● Directions for this task
Copy exactly the lines of the material below that fall between the line with "Copyright(C)2016 (公社)埼玉県宅地建物取引業協会彩西支部. All" and the line with "- Creative Arts", both of those lines included; pictures stay out.

● Records shown
********

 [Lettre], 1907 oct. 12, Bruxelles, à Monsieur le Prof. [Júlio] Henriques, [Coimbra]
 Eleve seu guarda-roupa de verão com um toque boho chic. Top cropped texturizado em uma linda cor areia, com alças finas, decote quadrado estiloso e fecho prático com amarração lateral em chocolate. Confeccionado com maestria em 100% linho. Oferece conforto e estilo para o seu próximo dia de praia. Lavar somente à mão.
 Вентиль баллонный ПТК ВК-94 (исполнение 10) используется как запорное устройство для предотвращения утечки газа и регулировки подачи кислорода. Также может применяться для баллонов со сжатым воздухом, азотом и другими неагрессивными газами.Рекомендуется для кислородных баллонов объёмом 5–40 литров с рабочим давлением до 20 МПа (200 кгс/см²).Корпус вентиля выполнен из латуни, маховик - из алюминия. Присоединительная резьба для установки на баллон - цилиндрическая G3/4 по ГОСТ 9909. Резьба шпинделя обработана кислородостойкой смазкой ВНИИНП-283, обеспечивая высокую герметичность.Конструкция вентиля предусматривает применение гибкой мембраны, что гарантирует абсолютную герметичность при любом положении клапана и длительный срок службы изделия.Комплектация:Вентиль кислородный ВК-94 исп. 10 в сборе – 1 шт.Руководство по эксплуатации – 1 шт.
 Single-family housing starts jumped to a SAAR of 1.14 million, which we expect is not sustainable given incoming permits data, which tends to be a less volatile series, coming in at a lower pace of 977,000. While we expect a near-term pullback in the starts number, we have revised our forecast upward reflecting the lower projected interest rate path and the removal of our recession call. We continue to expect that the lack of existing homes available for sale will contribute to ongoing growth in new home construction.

********

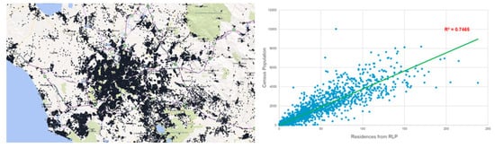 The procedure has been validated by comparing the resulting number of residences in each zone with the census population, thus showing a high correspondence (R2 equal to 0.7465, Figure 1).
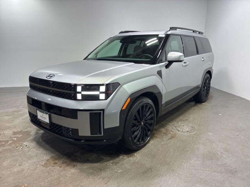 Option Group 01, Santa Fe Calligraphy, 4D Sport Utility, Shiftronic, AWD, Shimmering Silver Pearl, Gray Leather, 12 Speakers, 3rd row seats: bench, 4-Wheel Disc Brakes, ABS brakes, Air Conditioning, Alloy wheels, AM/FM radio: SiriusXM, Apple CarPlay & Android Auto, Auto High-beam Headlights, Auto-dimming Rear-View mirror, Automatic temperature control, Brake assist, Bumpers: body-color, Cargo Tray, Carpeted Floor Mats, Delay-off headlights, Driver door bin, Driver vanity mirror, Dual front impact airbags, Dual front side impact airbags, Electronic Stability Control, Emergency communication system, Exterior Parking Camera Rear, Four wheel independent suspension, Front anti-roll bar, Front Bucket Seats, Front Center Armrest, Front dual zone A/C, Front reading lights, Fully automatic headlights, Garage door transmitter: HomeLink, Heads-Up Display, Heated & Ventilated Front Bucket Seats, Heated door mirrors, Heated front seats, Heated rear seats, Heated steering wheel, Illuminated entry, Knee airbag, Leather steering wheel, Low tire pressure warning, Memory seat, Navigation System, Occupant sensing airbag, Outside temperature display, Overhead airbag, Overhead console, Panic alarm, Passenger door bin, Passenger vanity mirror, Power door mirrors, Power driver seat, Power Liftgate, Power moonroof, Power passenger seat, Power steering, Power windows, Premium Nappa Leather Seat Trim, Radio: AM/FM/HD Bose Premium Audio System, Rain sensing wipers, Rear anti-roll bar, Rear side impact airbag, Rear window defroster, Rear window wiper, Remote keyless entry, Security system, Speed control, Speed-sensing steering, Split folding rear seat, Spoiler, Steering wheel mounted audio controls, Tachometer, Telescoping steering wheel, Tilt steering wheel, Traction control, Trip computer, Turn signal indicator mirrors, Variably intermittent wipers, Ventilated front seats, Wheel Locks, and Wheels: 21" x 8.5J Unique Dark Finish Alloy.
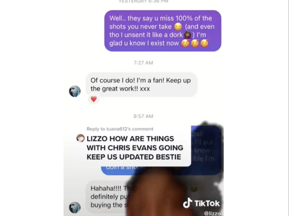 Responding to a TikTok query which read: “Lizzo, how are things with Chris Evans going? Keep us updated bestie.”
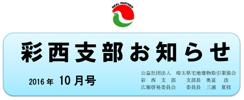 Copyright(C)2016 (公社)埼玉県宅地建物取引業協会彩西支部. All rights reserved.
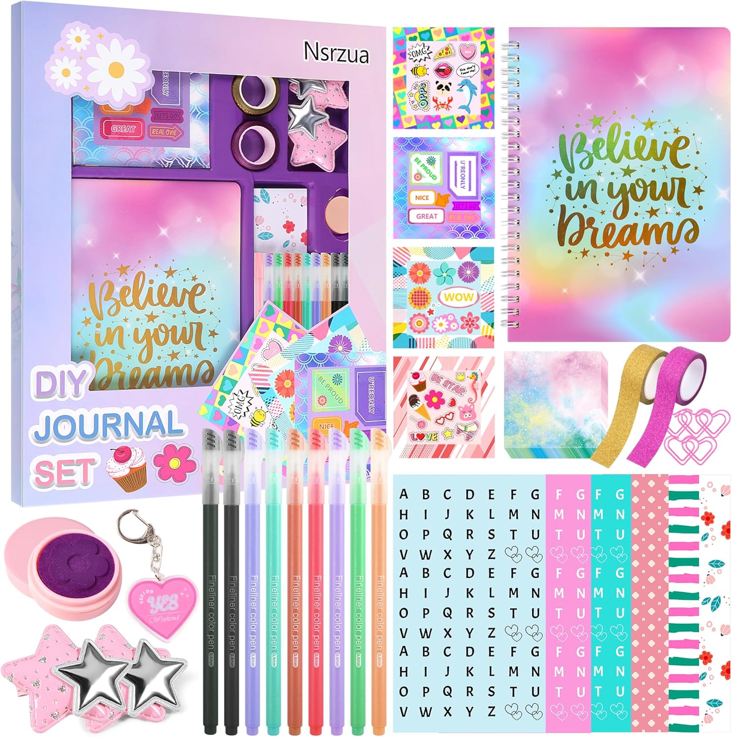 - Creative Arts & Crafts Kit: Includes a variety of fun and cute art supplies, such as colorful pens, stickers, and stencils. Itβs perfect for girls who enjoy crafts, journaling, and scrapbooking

********

● Output below
 Copyright(C)2016 (公社)埼玉県宅地建物取引業協会彩西支部. All rights reserved.
 - Creative Arts & Crafts Kit: Includes a variety of fun and cute art supplies, such as colorful pens, stickers, and stencils. Itβs perfect for girls who enjoy crafts, journaling, and scrapbooking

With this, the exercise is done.